Each line below is to be copied exactly; images do not go into the copy.

── STORED DATA ──

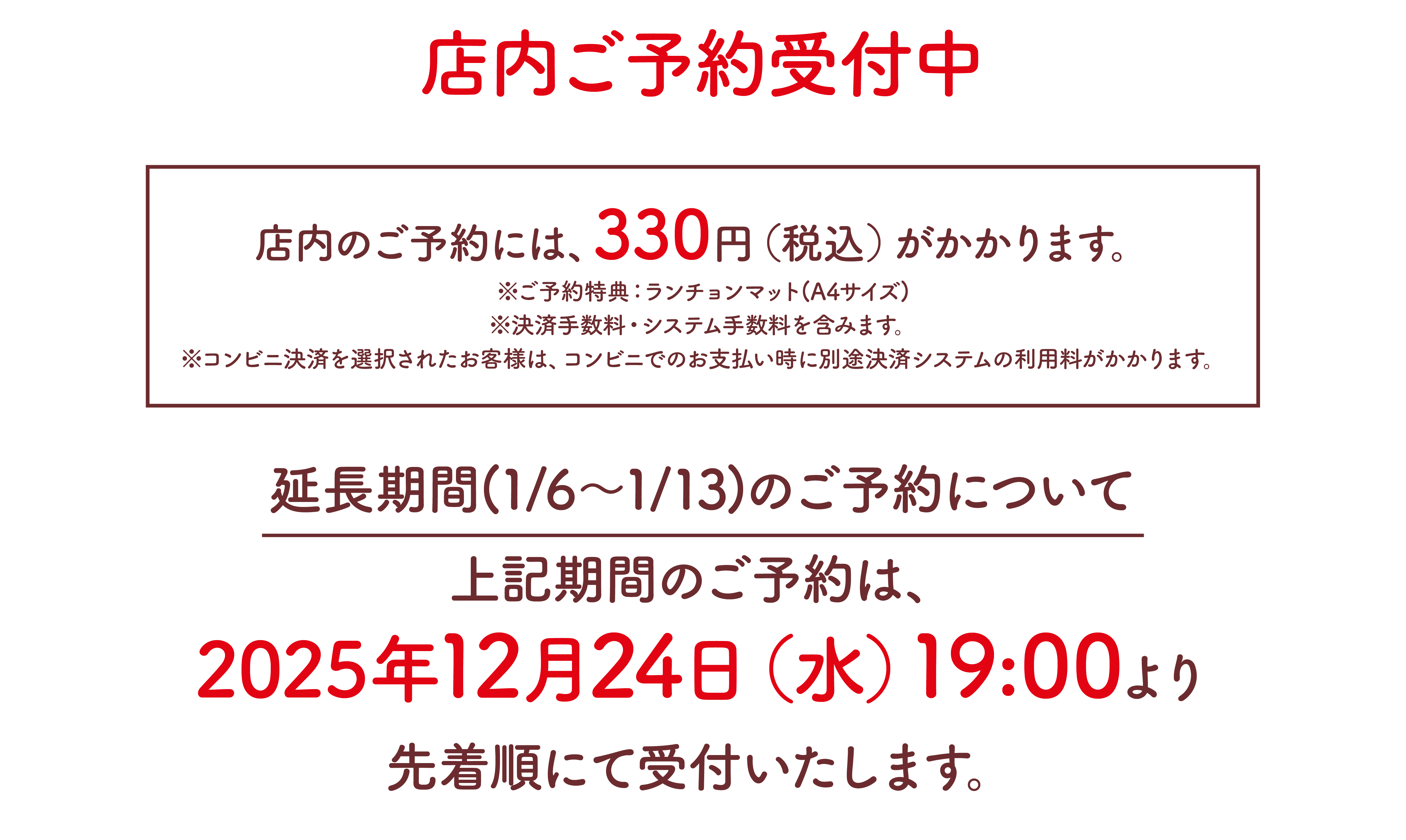 ・お席のご予約には、ご予約料として330円(税込)がかかりますのでご了承ください。
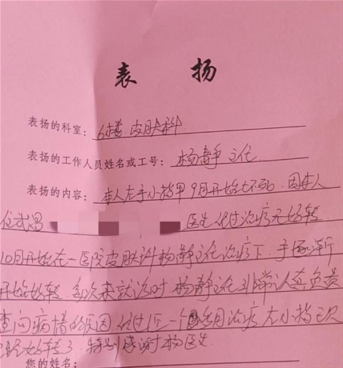 “在杨主任的治疗下,手逐渐好转,特别感谢。”日前,结束最后一次复诊,离开医院前,市民李女士将一封手写感谢信交至病员服务中心,感谢该院皮肤科甲病专家杨静治好了她的“绿指甲”。
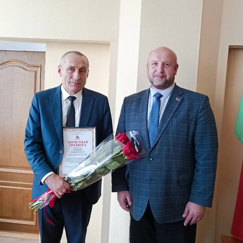 Председатель районного Совета депутатов Максим Потапенко наградил Леонида Кузьмича Почетной грамотой РОО «Белая Русь» за активную гражданскую позицию, инициативность, участие в мероприятиях общественно-патриотической направленности и большой вклад в деятельность этой общественной организации.
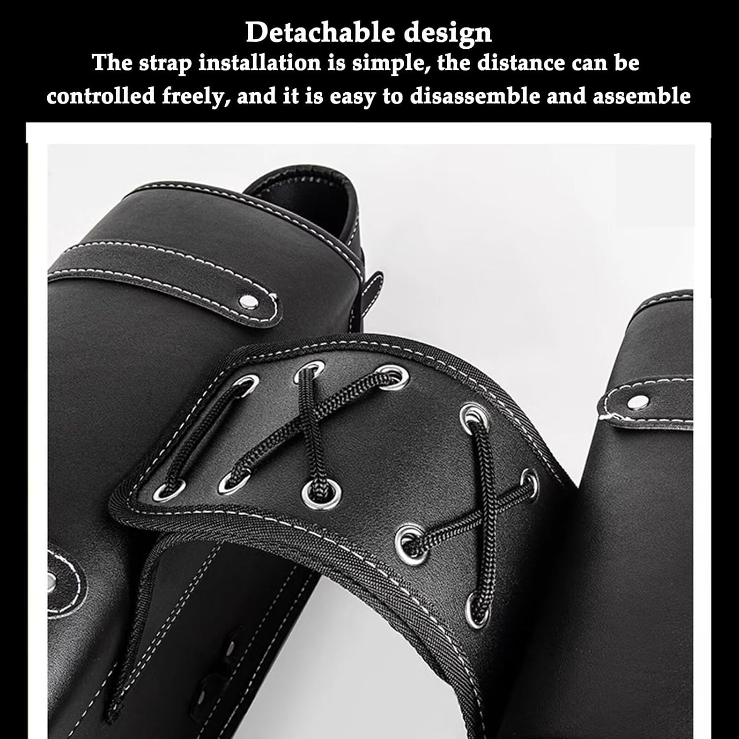 - 1. Detachable design: motorcycle saddle bag easy installation of straps, control distance at will, easy to disassemble and assemble, more convenient for travel, making the monotonous motorcycle more handsome

───

**TASK ANSWER**:
 ・お席のご予約には、ご予約料として330円(税込)がかかりますのでご了承ください。
 “在杨主任的治疗下,手逐渐好转,特别感谢。”日前,结束最后一次复诊,离开医院前,市民李女士将一封手写感谢信交至病员服务中心,感谢该院皮肤科甲病专家杨静治好了她的“绿指甲”。
 Председатель районного Совета депутатов Максим Потапенко наградил Леонида Кузьмича Почетной грамотой РОО «Белая Русь» за активную гражданскую позицию, инициативность, участие в мероприятиях общественно-патриотической направленности и большой вклад в деятельность этой общественной организации.
 - 1. Detachable design: motorcycle saddle bag easy installation of straps, control distance at will, easy to disassemble and assemble, more convenient for travel, making the monotonous motorcycle more handsome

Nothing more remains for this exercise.